Registration and the payment-method dropdown #

You don’t wire the gateway up by hand. On install/upgrade the payment module
scans the gateways/ directory, instantiates each class, and records its
metadata (under the methods_gateways key). The payment-method dropdown is then
built from getMetaMethod('gateways'), showing every gateway whose status is
enabled, ordered by the order setting.

So the steps to make ProcessorX appear are: add the folder/class, then let the
module re-scan — in practice,
clear the business cache — and
enable + configure it in the payment settings (which renders your
settingsStructure() fields).


Sandbox vs. production #

The convention is a mode setting with values test (sandbox) and prod. Read
it in payment() to pick the SDK environment:

$live = ($this->settings['mode'] === 'prod');

Develop and verify against the processor’s sandbox before flipping a live site to
prod.


Credentials and PCI — read this #

Be precise about what Bizuno does and doesn’t do here:

  • Gateway credentials are stored as method settings metadata (the
    settingsStructure() fields, persisted via the module settings).

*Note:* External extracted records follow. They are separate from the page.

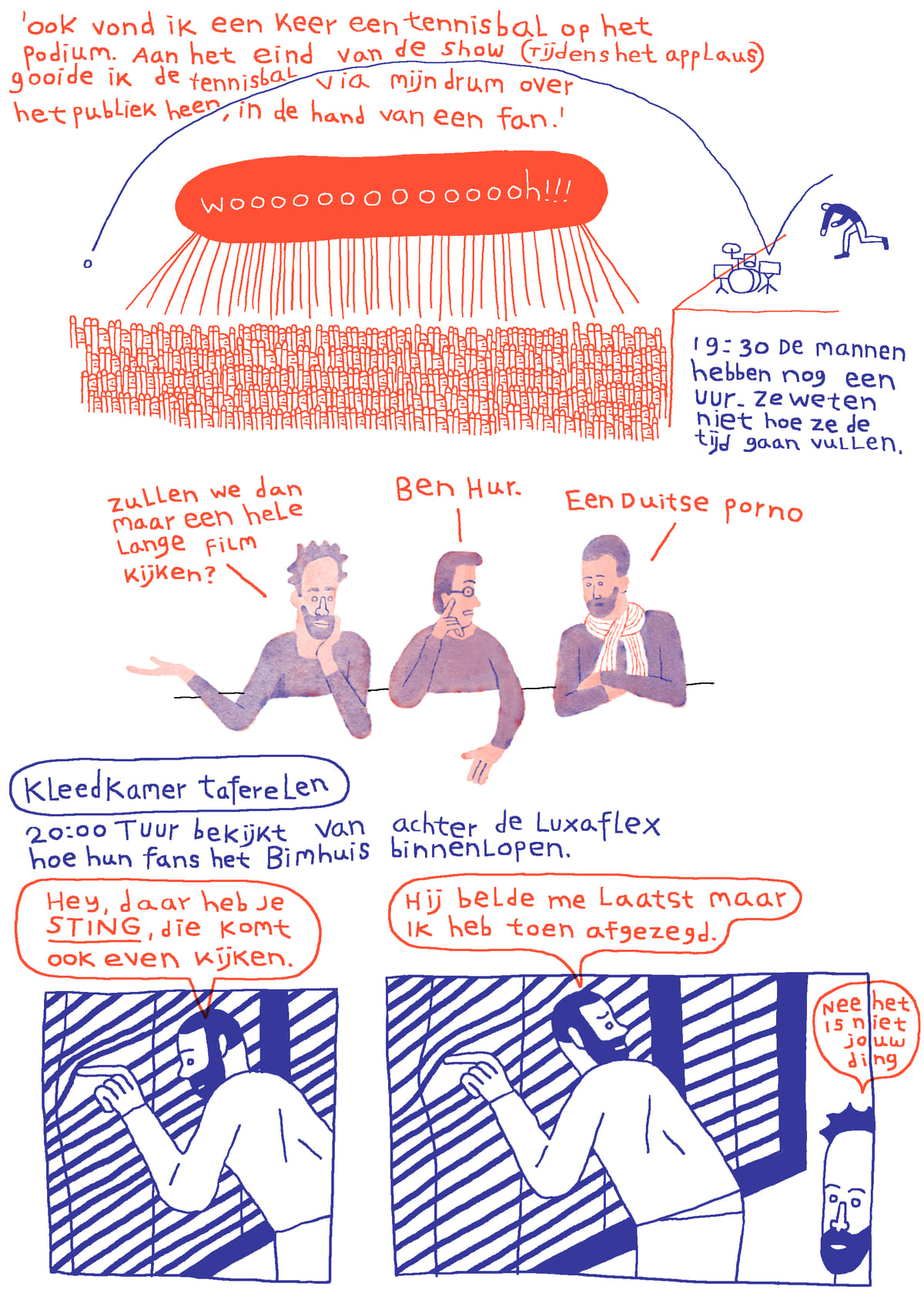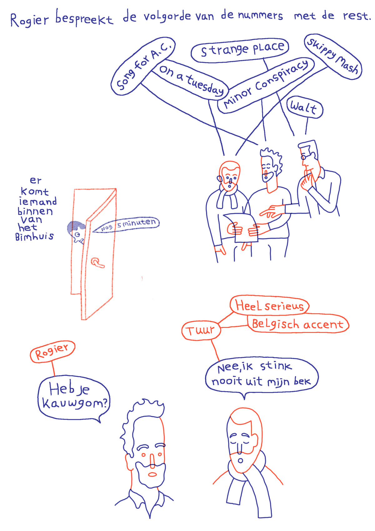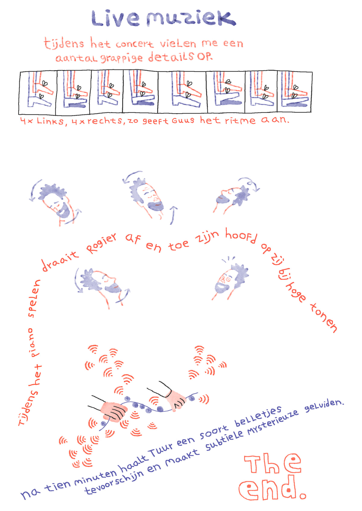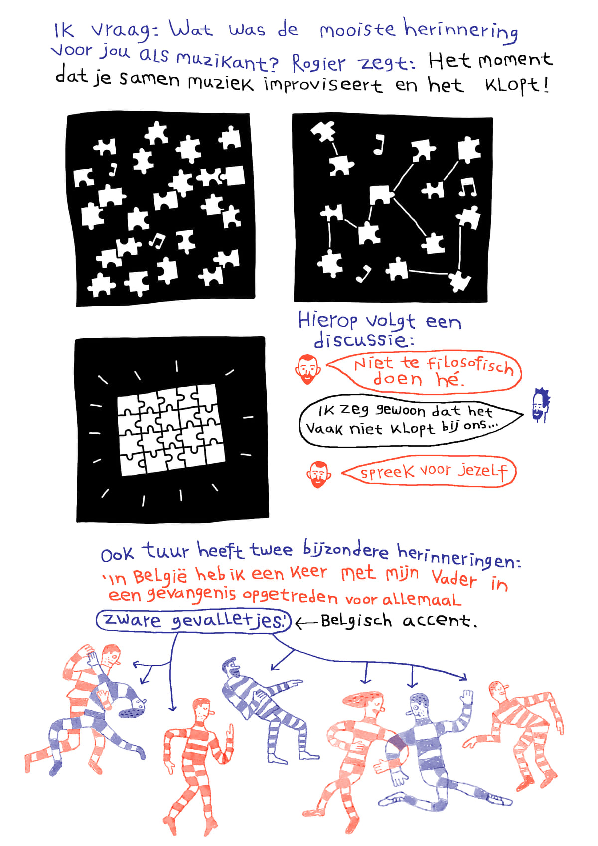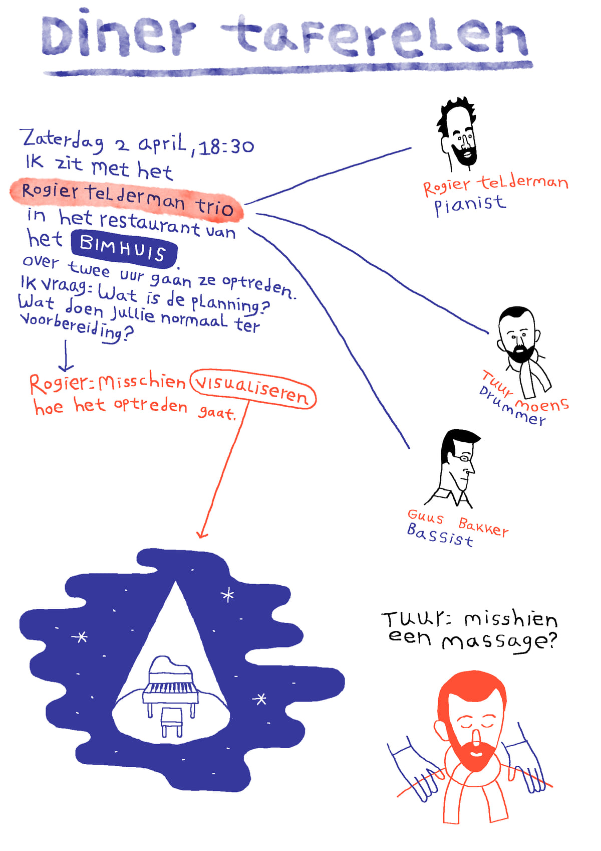 - Illustrator Gijs Henselmans van VPRO Dorst was tijdens de opnamedag van VPRO Vrije Geluiden aanwezig om de jonge jazzmuzikanten Vincent Houdijk en Rogier Telderman te observeren. Daar is een beeldverhaal met VinnieVibes uitgekomen. Gijs is op een ander tijdstip teruggekeerd naar het Bimhuis waar ze 's avonds een dubbelconcert gaven. Dit keer heeft Gijs zich alleen geconcentreerd op het trio van Rogier Telderman. Zie hieronder de rijkelijk geïllustreerde reportage.
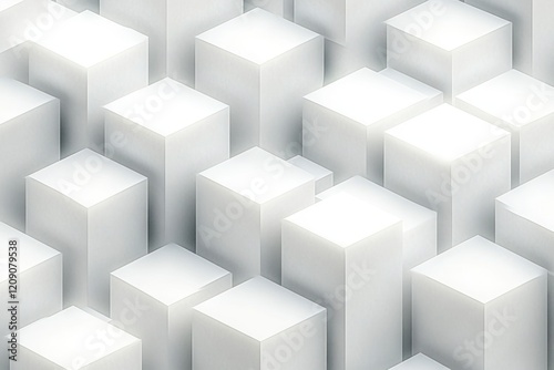 © k, Obraz premium Geometric Minimalist 3D White Cube Composition Stark Lighting High Contrast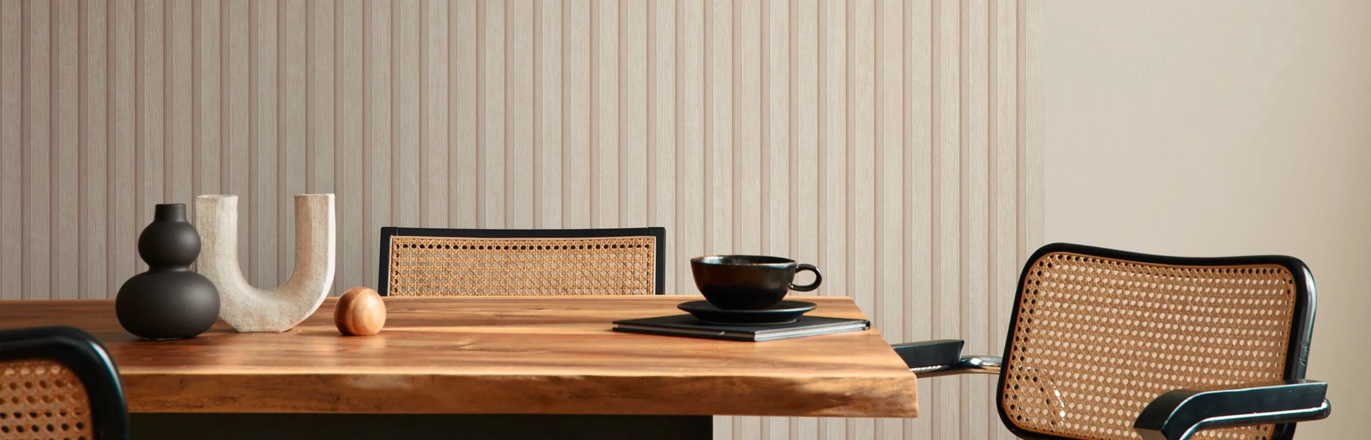 Quer tapeziert wirkt der Akustikpaneel Look wie ein stilvoller Wandabschluss mit klarer Linie. Eine spannende Lösung für Wände, die mehr Kontur vertragen können.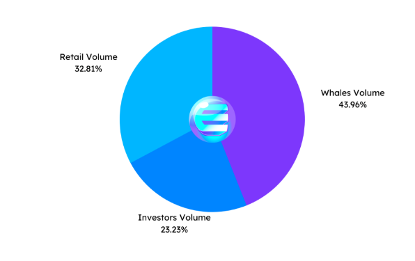 根据Into The Block的说法,Enjin 的交易量集中在鲸鱼、零售商和投资者手中。这对社区来说是一个压倒性的景象。而鲸鱼则以 43.96%的价格占据最大份额。零售商紧随其后,为32.81%,其次是投资者,份额为23.23%。随后,东西方之间的交易人口统计数据几乎持平,分别为52%和48%。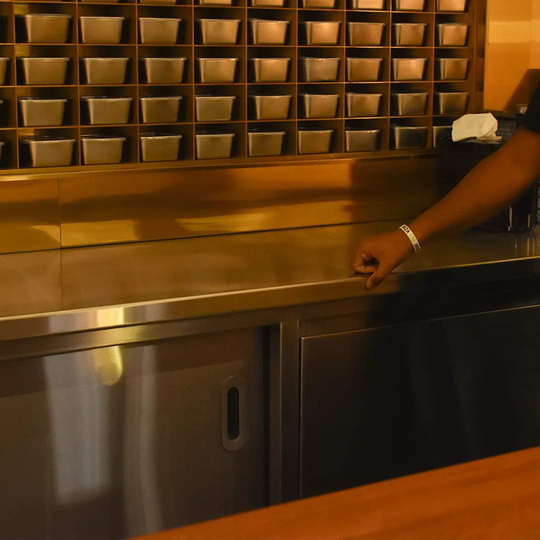 Setting the standard for luxury B2B projects, our undercounter fabrication is executed with absolute precision, achieving a truly seamless finish. By eliminating all visible welds or cuts, we deliver the ultimate in hygienic design and a visually flawless aesthetic. This painstaking technique ensures maximum durability and easy cleaning a non-negotiable requirement for high-end commercial spaces like the Timeless Club. When you need fabrication where perfection is mandatory,
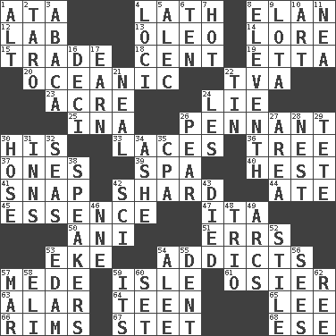ACROSS 1. _ moment's notice (2 wds.) 4. Thin strip of wood or metal 8. Enthusiasm 12. Experiment locale 13. Margarine 14. Old wives' tales, e.g. 15. Buy and sell 18. Penny 19. Singer James 20. Pertaining to the sea 22. Federal power corp. 23. Measure of real estate 24. Whopper 25. _ tizzy (2 wds.) 26. Pre-World Series prize 30. Part of HMS, perhaps 33. Shoestrings 36. Relationship diagram 37. Washington bills 39. Health resort 40. Behest 41. Fastener 42. Broken piece 44. Had dinner 45. Substance 47. Call ___ day 50. Black tropical American cuckoo 51. Blunders 53. Supplement with great effort 54. Inveterate users 57. Ancient Persian 59. Small island 61. Flexible twig of a willow tree 63. Having or resembling wings 64. Adolescent 65. Area sheltered from the wind 66. Basketball hoops 67. Proofreading order 68. Compass dir. DOWN 1. Keyboard modifier key 2. Edible starchy tuberous root 3. Phillipine bananalike plant 4. Locales 5. Actor Baldwin 6. Nine, plus one 7. Being at a high temperature 8. Veterans Day date 9. Globular water bottle used in Asia 10. Tate display 11. Teachers' org. 16. Tenth: prefix 17. Merit 21. Anneal 22. Metal container 24. French article 26. Lightbulb-shaped fruit 27. Type of rug 28. A home for chicks 29. Wig 30. Flexible conduit 31. Taverns 32. Oceans 34. American tennis player Robert 35. Accounting whiz (abbr.) 38. Orators 42. _-fi 43. Passed on 46. Compass dir. 48. Musical group of three 49. Curves 52. Vertical member of a panel or frame 53. Dutch treat 54. Toward shelter 55. Undesirable depression on a surface 56. Observes 57. Make imperfect 58. Connecticut Ivy Leaguer 59. ___ a Wonderful Life 60. Arrange properly for use 62. Portuguese money of account (variant)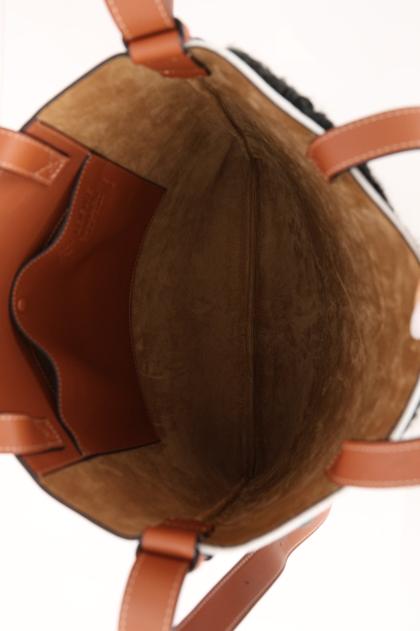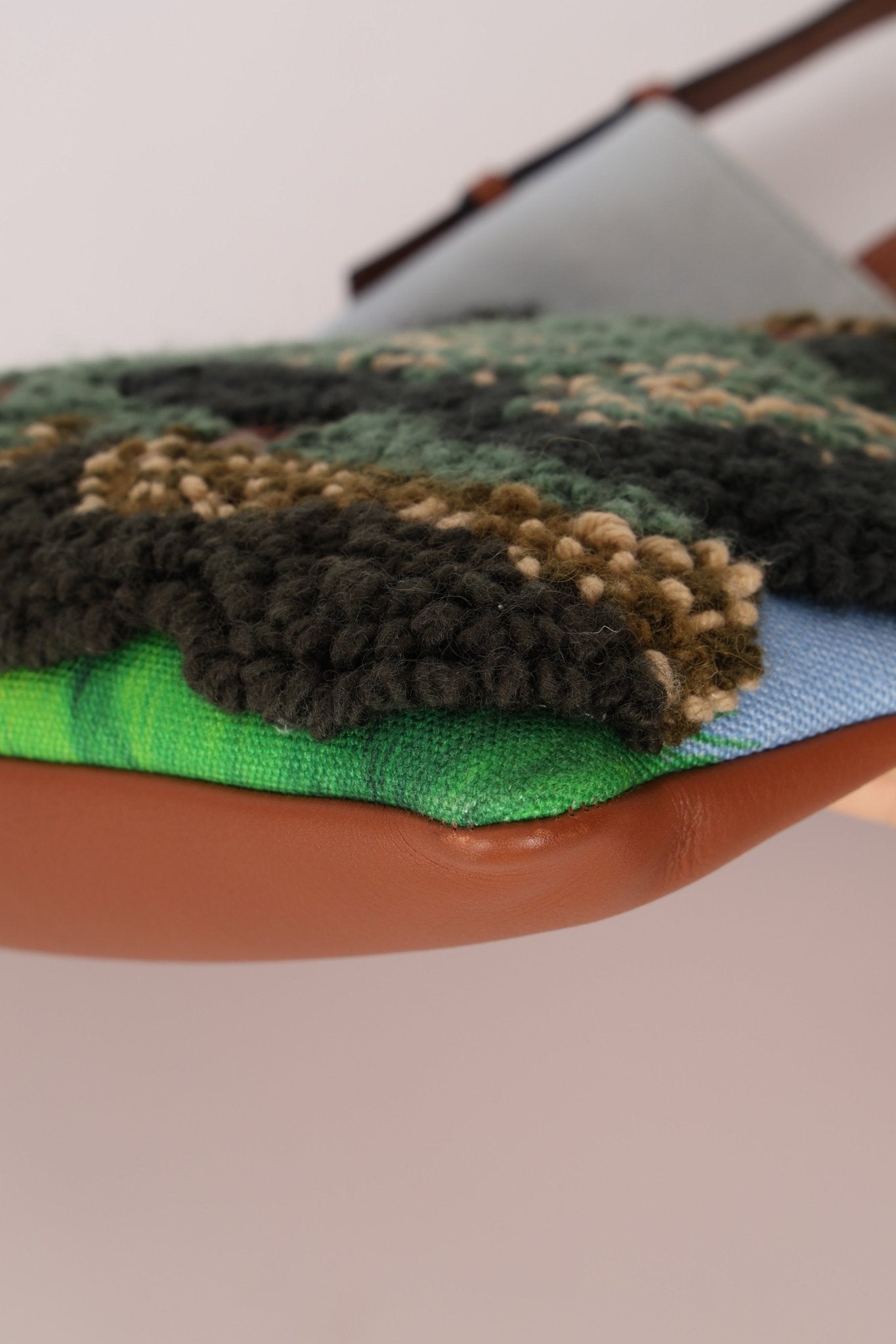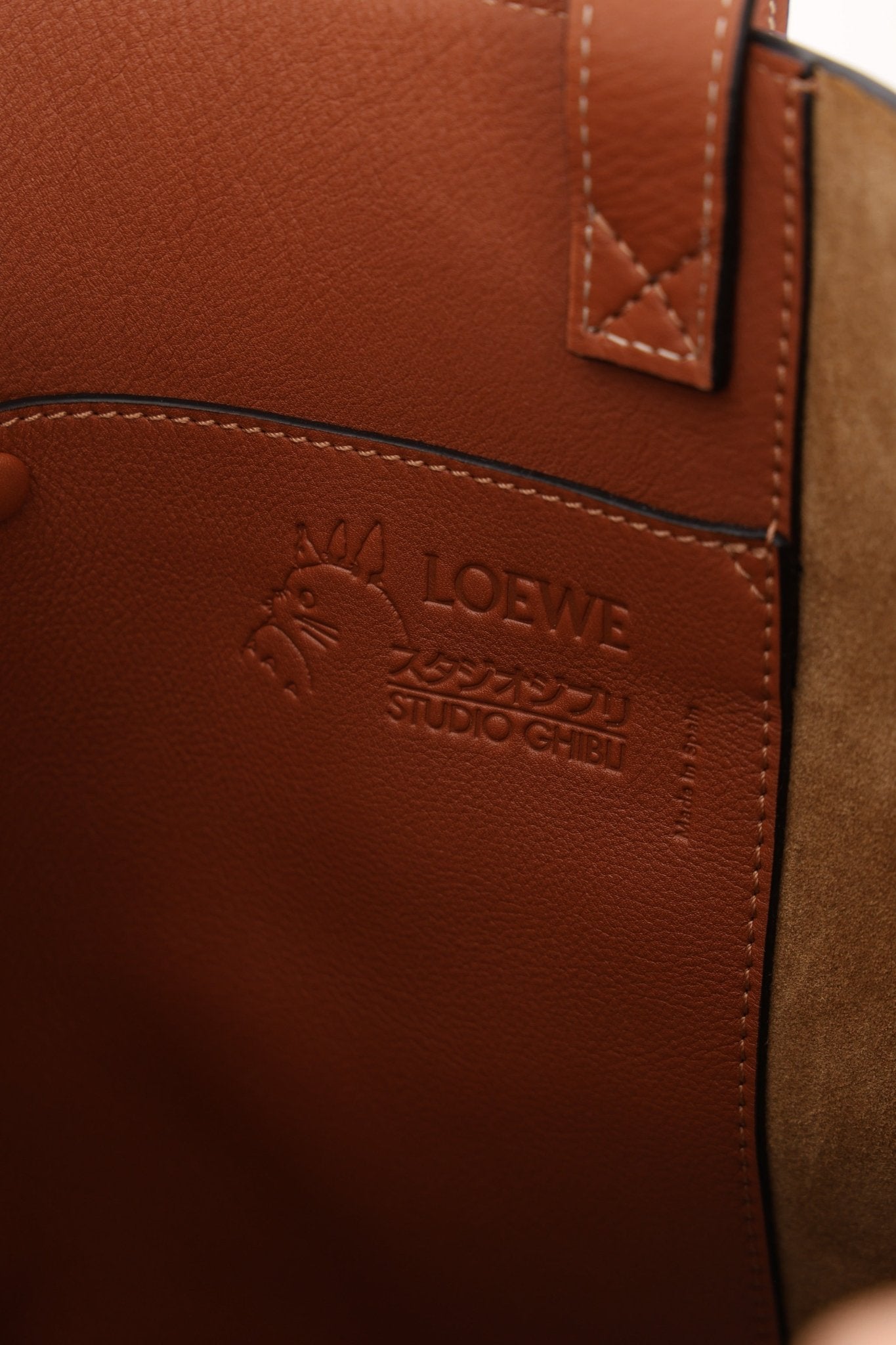 Loewe teamed up with "My Neighbor Totoro" to create a special capsule collection in 2021 centered on the famous film. This vertical tote highlights a knitted sweeping landscape backdrop with Totoro himself that evokes heartwarming feelings and solace that Jonathan Anderson aimed to accomplish with this capsule collection.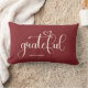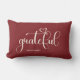 Ein modernes einfaches Lumbalkissen in Bordeaux mit dem Wort "Dankbar", personalisieren Sie mit Ihrem Namen. Dieses Kissen ist die perfekte Ergänzung zu Ihren Herbstdekorationen im Herbst, oder macht ein schönes Geschenk.

They are
    not encrypted at rest by a built-in cipher — there is no $mixer
    encryption layer applied to gateway settings. Protect them at the
    hosting/database layer, and use a password-type field so the value isn’t
    echoed back into the form.
  • Do not store raw card numbers. Use the processor’s tokenization / wallet
    (the wallet() actions) so a card becomes a token you can recharge — the PAN
    never lands in your database. The bundled Authorize.Net and PayFabric gateways
    do exactly this.
  • Stay out of PCI scope where you can. Prefer processor-hosted fields or
    redirect flows for card capture. The less cardholder data touches your server,
    the smaller your compliance burden.